Violence often leads to other crime. In this case, the violence that left Tomo a victim of theft, bereft of money and clothes, led to him becoming a thief, stealing others' clothes for himself. Sin leads to sin, and crime leads to crime. It is a vicious cycle that can only be broken by grace and forgiveness. The Bible is clear that theft is a sin and a crime (Exod. 20:15). We should not fall to this level, particularly if we are followers of Jesus. There are often other ways, other people who are willing to help, as Tomo discovers.

But boredom hits the two protagonists. As Tomo and Marek's friendship develops, they spend their days together, hanging out through their boredom. Boredom can easily lead to mischief or crime. Throw in hope, though, and dreams can emerge. For Marek and Tomo, their dream is of Maria. Teenage hormones produce infatuation masquerading as love.

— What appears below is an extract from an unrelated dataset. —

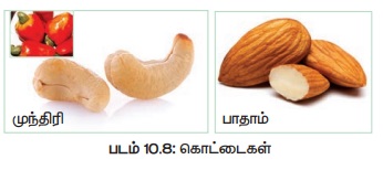 கொட்டைகள் கடினமான ஓட்டுக்குள் உண்ணக்கூடிய பருப்பைக் கொண்ட எளிய உலர் கனியாகும். அவற்றில் ஆரோக்கியமான கொழுப்புகள், நார்ச்சத்து, புரதம், வைட்டமின்கள், தாதுக்கள் மற்றும் எதிர் ஆக்ஜினனேற்றிகள் (antioxidants) அதிகளவு நிறைந்துள்ளன. இப்பாடத்தில் சில முக்கியமான கொட்டைகள் குறித்துக் கீழே விளக்கப்படுகின்றன.

When they determine to win her affections with a picnic, complete with French bread, cheese and wine, little do they know she is no longer in London. Even the best made plans can turn sour. These two lads learn that life does not always go as planned. This is a lesson for us as well. We often make plans and expect them to go smoothly. But life has a way of throwing curve balls at us. The apostle James, brother to Jesus, said, "Now listen, you who say, 'Today or tomorrow we will go to this or that city, spend a year there, carry on business and make money.' Why, you do not even know what will happen tomorrow. What is your life? You are a mist that appears for a little while and then vanishes. Instead, you ought to say, "If it is the Lord's will, we will live and do this or that." (Jas 4:13-15) God is always in control, and we are not. We make plans but should be ready for them to change. His will be done.

With no Maria, Tomo and Marek get plastered on the wine themselves. Indeed, drinking is evident throughout. Marek's father, at one point, says to his Polish buddies, "Let's get wasted." That is his idea of how to spend an evening. It is not surprising that his drinking to excess leads to his son's underage drinking. The sins of the father are passed on to the son. We learn from those we look up to, especially our parents.

In England and other European countries, the drinking age is set at 18. Yet, most teens drink regularly and it is tolerated, even affirmed within the culture. Certainly, underage drinking is a major problem in many countries, especially the United States. Drinking alcohol is itself not a sin, for those of legal age. Jesus turned water into wine (Jn. 2:1-11) and partook of wine at the last supper (Lk. 22:7-19). In fact, he commanded his disciples to eat bread and drink wine in the sacrament of communion as a means of remembering his sacrificial death (1 Cor. 11:23-26). But drinking to get drunk and losing control is a sin (Eph. 5:18). When this happens we can lose track of our actions and do things or say things we will later regret. Beyond that, we may cause those with a less mature faith to go against their conscience and in so doing commit sin (Rom. 14:15). Drinking responsibly and legally with moderation is an appropriate behavior for a follower of Jesus.

As Somers Town ends, Meadows moves from monochrome to color to highlight dreams fulfilled. The boys' friendship has reached a deeper level of maturity. They have learned from their mistakes and have moved beyond the impoverishment of inner city London to wonders beyond the shores. Hopes and dreams can be realized.